И после этого с чистой совестью, заехав по пути в супермаркет, отправился в Милину квартиру – надо было затарить ей холодильник и вылить в раковину все спиртное, которое найдется в доме.
К кавардаку ему не привыкать. Было время, когда его собственное жилище в Киеве больше напоминало наркоманский притон. Очень дорогой притон с шикарной мебелью, навороченной техникой и голыми бабами в его кровати. С периодичностью раз в неделю его посещали работники клининговой компании и вылизывали Мирошеву берлогу до блеска. А он со всей своей толпой, среди которой не у всех были даже знакомые ему рожи, умудрялся довести хату до плачевного состояния аккурат к следующей уборке. Хороший клининг не повредил бы и его мозгам в ту пору.
У Милы, как ни странно, оказалось еще более или менее прилично. Хотя готовился он к чему угодно вплоть до ободранных стен. А нашел несколько немытых стаканов, пыль по углам. И идеально сложенное в стопку стиранное белье.
В этой квартире в центре Одессы он побывал впервые. Когда уезжал в Канаду, мать еще жила в прежнем доме, который строил ее отец и который Дмитрий Иванович не стал с ней делить. Но, как выяснил Мирош по возвращении, к тому времени дела Людмилы Мирошниченко пришли в столь бедственное состояние, что содержать особняк ей стало попросту не под силу. Она бухала. Бухала по-черному все первые годы после развода. Вокруг нее постоянно находились какие-то люди, которые тянули из нее деньги. И Иван нисколько не удивился бы, если бы, в конце концов, она осталась без копейки.
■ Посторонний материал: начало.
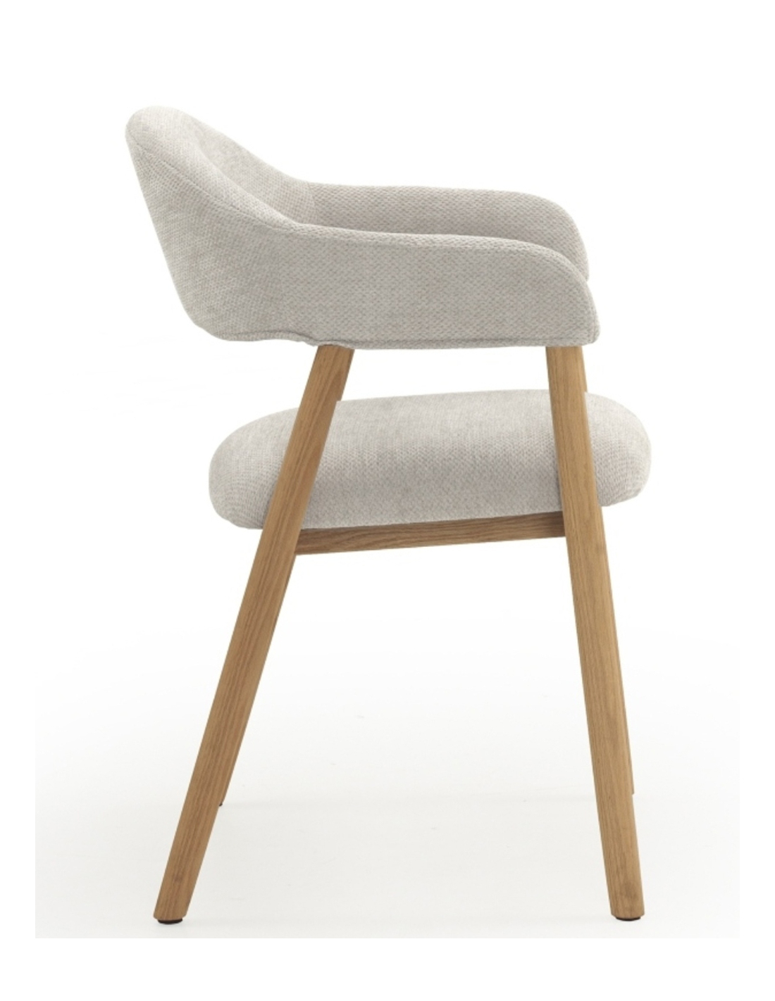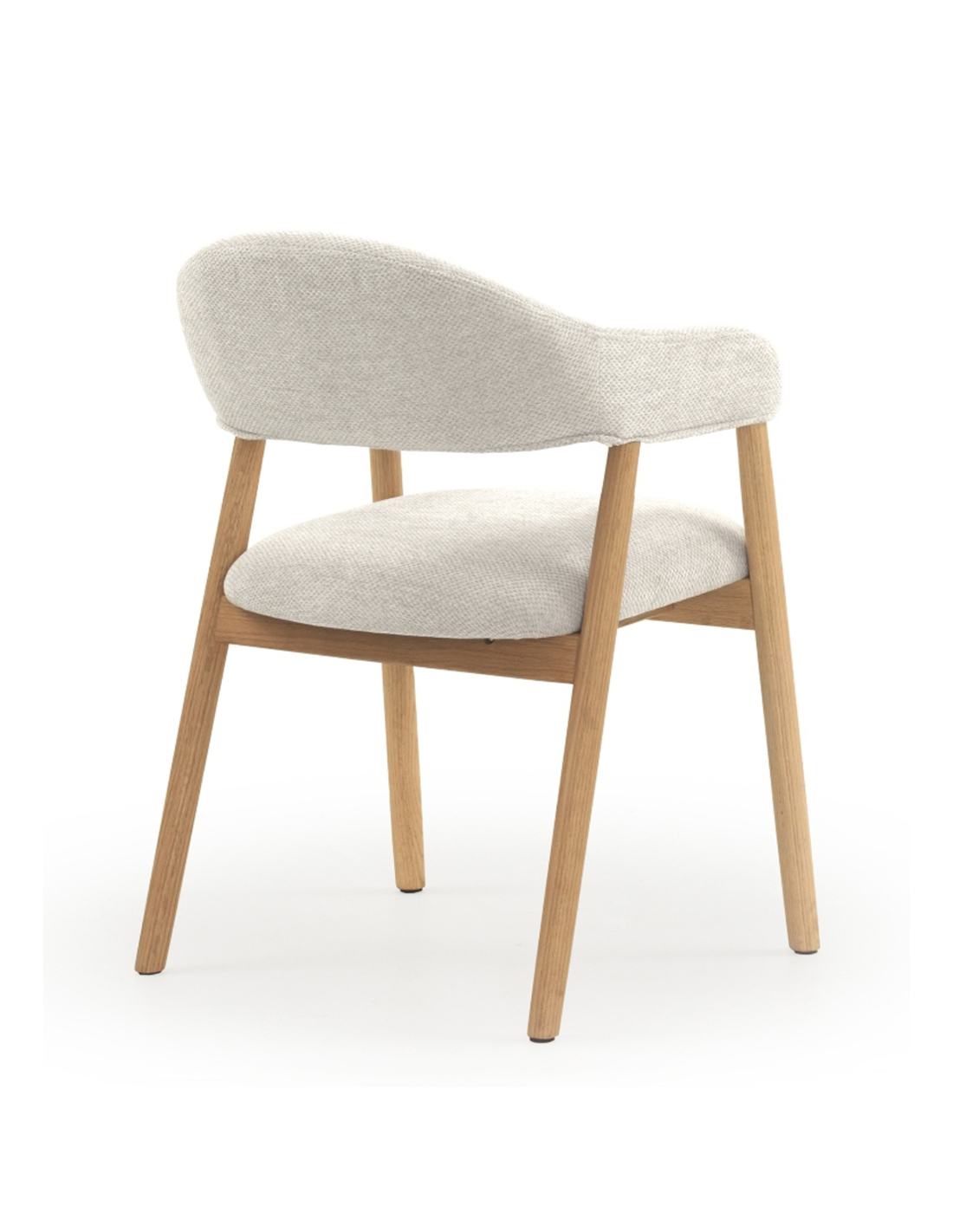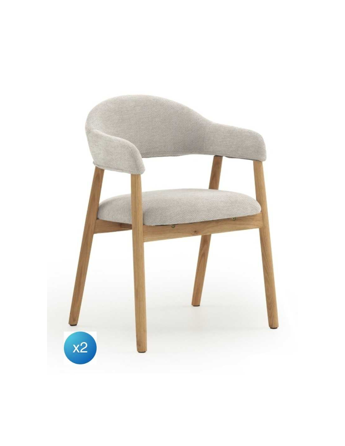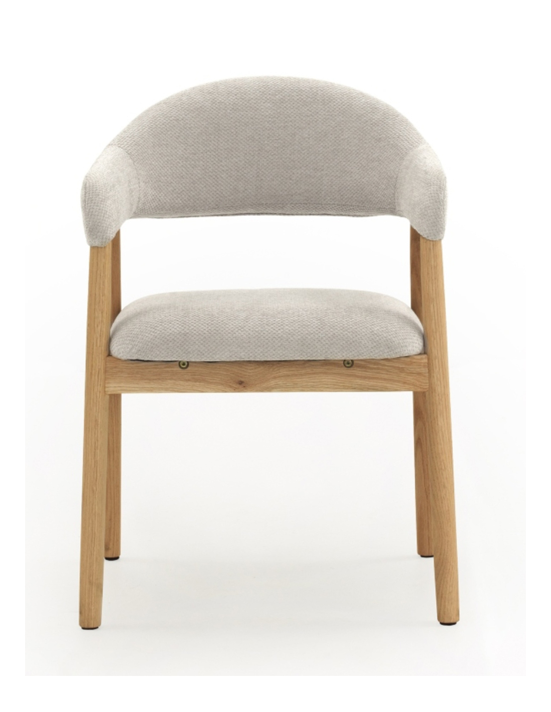 Set 2 sillones Poniente en madera roble tapizado blanco, combinan una sólida estructura de madera de roble macizo en acabado natural con un asiento y respaldo tapizados en un suave tejido de chenilla color blanco. El diseño destaca por sus líneas curvas y envolventes, con reposabrazos integrados que invitan a la comodidad. Pensados para largas sobremesas, el asiento y el respaldo cuentan con un acolchado de alta densidad (30 kg/m3 y 24 kg/m3 respectivamente), garantizando un confort óptimo. La calidez de la madera de roble natural contrasta bellamente con la luminosidad del tapizado blanco, creando una estética fresca, acogedora y muy actual. Este set es perfecto para comedores de estilo escandinavo, moderno o contemporáneo. Los sillones Poniente no solo son visualmente atractivos, sino que también ofrecen una sentada ergonómica y confortable, convirtiendo tu comedor en un espacio acogedor y lleno de estilo.

Но Мила выкрутилась в одиночку. Продала отцово наследство и купила квартиру в центре. А оставшиеся после сделки деньги продолжала потихоньку проматывать, пока Иван не вернулся из заграницы и не взял ее дела в свои руки.
И тогда оказалось, что он до черта скучает по дому, утопавшему в яблонях. И по Лорке, носившемуся среди деревьев. И по той мучительной, но в чем-то замечательной жизни, которая была у него до. До трухи. До плесени. До пепла.
Он бродил по комнатам – из одной в другую, рассматривая, как и чем теперь жила Людмила Мирошниченко. И периодически останавливался, чтобы поднять очередную вещь, оказавшуюся не на своем месте. В спальне – развороченная постель. И стакан на полу у кровати, наполовину наполненный виски. Иван наклонился, поднял и поморщился. Резкий запах спиртного ударил по ноздрям.
Не выпуская его из рук, он подошел к окну и дернул форточку с мыслью о том, что неплохо бы и проветрить. И снова слушал дождь, уныло изливающий ему свою печаль. Они оба с ним потерялись в самом лучшем городе, где пахнет морем. А небо все-таки затянуло – и, может быть, это они с дождем нашлись друг у друга, а потерялось солнце.
Мирош пригубил виски и усмехнулся. В ушах все еще звучал злой материнский смех, который не выдрал из головы ни шум улицы, ни грубый голос шофера такси, кажется, не узнавшего его, ни песни, вырывавшиеся из динамиков в машине. А сейчас, в тишине, сквозь стук капель, этот смех проступал особенно явственно – узором на стекле, неровным рисунком осцилограммы. Колебаниями звуковых волн.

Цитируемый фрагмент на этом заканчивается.